Этгар Керет

два рассказа

РАСКОЛОШМАТИТЬ СВИНА!

Папа не захотел купить мне куклу Барта Симпсона. Нет, мама как раз хотела, но папа не согласился. Он сказал, что я и так избалованный ребенок.

– И с какой стати мы будем ему покупать Симпсона, – сказал он маме, – стоит ребенку пискнуть, и ты перед ним навытяжку стоишь. Еще папа сказал, что я не умею ценить деньги и если я не научусь этому сейчас, то когда же? Дети, которым запросто покупают Бартов Симпсонов, вырастают хулиганами, которые грабят киоски, потому что они привыкли, что все, что они хотят, они тут же получают.

Вот. Так вместо Симпсона он купил мне глиняного поросенка с прорезью в спине.

Значит, теперь со мной все в порядке, и я уже не буду хулиганом. Вот.

И теперь я каждое утро должен выпивать стакан «Шоко», который я терпеть не могу. За стакан «Шоко» с пенкой (бр-р-р!) я получаю шекель, а без пенки – полшекеля. Но если меня сразу после этого стошнит, так я не получаю ничего. И честно заработанные тяжким трудом деньги я опускаю в поросенка, и когда его встряхнешь, он грохочет. А когда в поросенке будет столько денег, что он перестанет грохотать, я получу Барта на скейтборде. Это воспитательно, папа сказал.

Мой Свин очень симпатичный. У него холодный пятачок, и он улыбается, когда опускаешь в него шекель, и когда опускаешь полшекеля – тоже. Но самое классное, что он улыбается и бесплатно.
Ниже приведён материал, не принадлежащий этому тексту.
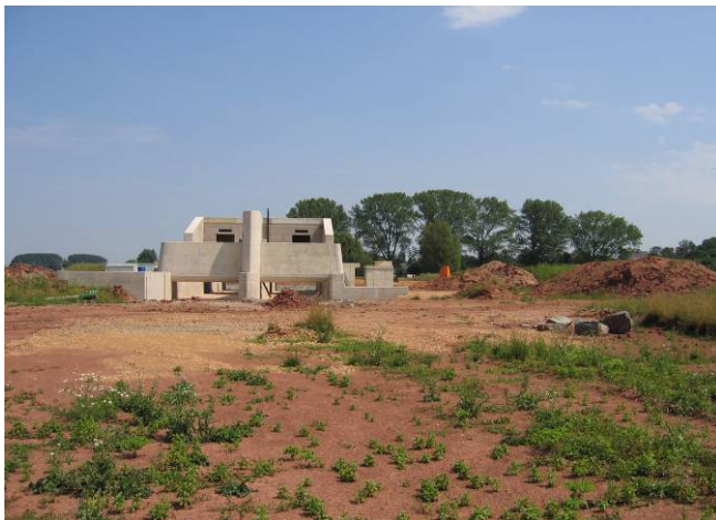
Drosselbauwerk im Rohbau

Um diverse Erftstädter Ortslagen gegen Hochwasser des Rotbachs zu schützen, hat der Erftverband ein Konzept erstellt, das den Schutz der betroffenen Ortsteile bis zu einem 100-jährlichen Hochwasser vorsieht. Dazu wurde das Hochwasserrückhaltebecken Niederberg errichtet. In der Mitte eines 670 m langen Absperrdammes wurde dazu ein Drosselbauwerk mit 2 Rinnen errichtet, das als kombiniertes Bauwerk für die Abflussregelung und die Hochwasserentlastung konzipiert ist.
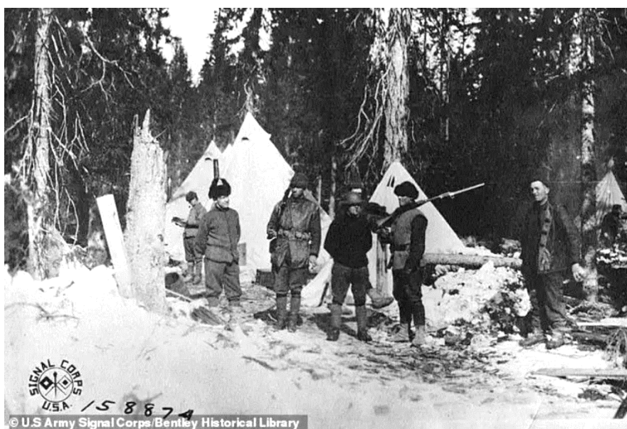
Рисунок 3. Инженерная рота С армии США у Больших Озерков

18 марта отряд 339-го пехотного полка армии США пытался подойти к Б. Озеркам с запада, но в одной версте от селения был обстрелян из пулемётов. 19 марта интервенты опять произвели попытку наступления на занятую деревню, но были обращены в бегство. Между 20 и 22 марта к американцам присоединились две британские роты 6-го батальона Собственного принцессы Уэльской Йоркширского полка и уникальная рота С 310 инженерного полка войск США (рис. 3). Союзники построили ряд деревянных срубов, бревенчатых заграждений и укрытий для войск на участке примерно в 4 милях к востоку от села по дороге на Обозерскую, которая находилась в 12 милях восточнее.
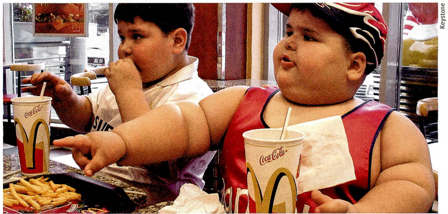
Eviter fast-food et boissons sucrées : plus un enfant est jeune et plus le message a des chances de passer.

Nature Immunology , vol. 9, pp. 424 - 431

Я назвал его Песахзоном, по имени человека, который жил в нашем почтовом ящике, и папа никак не мог снять с него наклейку. Песахзон вовсе не похож на другие мои игрушки – он гораздо спокойней, безо всяких огоньков, пружинок и батареек, которые там внутри протекают. За ним только нужно смотреть, чтобы он со стола не спрыгнул.

– Песахзон, осторожней, ты же глиняный, – говорю я ему, когда вижу, что он стоит у края стола и смотрит вниз; а он улыбается и ждет, чтобы я его взял на руки.

Вот. Я просто балдею, когда он улыбается, – только ради этого я выпиваю каждое утро «Шоко» с пенкой – чтобы дать ему еще шекель и увидеть, как он улыбается. Я тебя люблю, Песахзончик, больше, чем папу и маму. И я тебя всегда буду любить. Даже если буду грабить киоски. Если ты спрыгнешь со стола, ты мне больше не друг.

А вчера папа поднял Песахзона, стал трясти его изо всех сил.

– От этого у него болит животик! – сказал я.

– Он уже не гремит. Ты знаешь, что это значит, сынок? Это значит, что завтра ты получишь своего Симпсона на скейтборде.

– Ладно, папа, только перестань трясти Песахзона, он же себя плохо чувствует из-за этого.

Папа поставил Песахзона и пошел звать маму. Через минуту он вернулся – одной рукой он тащил маму, а в другой держал молоток.

– Ты видишь, Ривка, я был прав. Так ребенок научится ценить вещи. Правда, Йоав?

– Конечно, правда, но причем здесь молоток?

– Это тебе, – папа вложил молоток мне в руку. – Только осторожней.

– Конечно, осторожней, но при чем здесь молоток?

Я был очень осторожен. Через несколько минут папе надоело, и он сказал:

– Ну, разбей уже свою свинью!

– Песахзона?!

– Ну да. Разбей его. Тебе положен Симпсон, ты его честно заработал.

У Песахзона была грустная улыбка Свина, который понимал, что его конец близок. Да пошел к черту этот Симпсон, если я ради него должен разбить голову лучшему другу!

Я вернул папе молоток:

– Не нужен мне никакой Симпсон.

– Ты не понимаешь, все нормально, это воспитательный процесс. Давай я расколочу это для тебя.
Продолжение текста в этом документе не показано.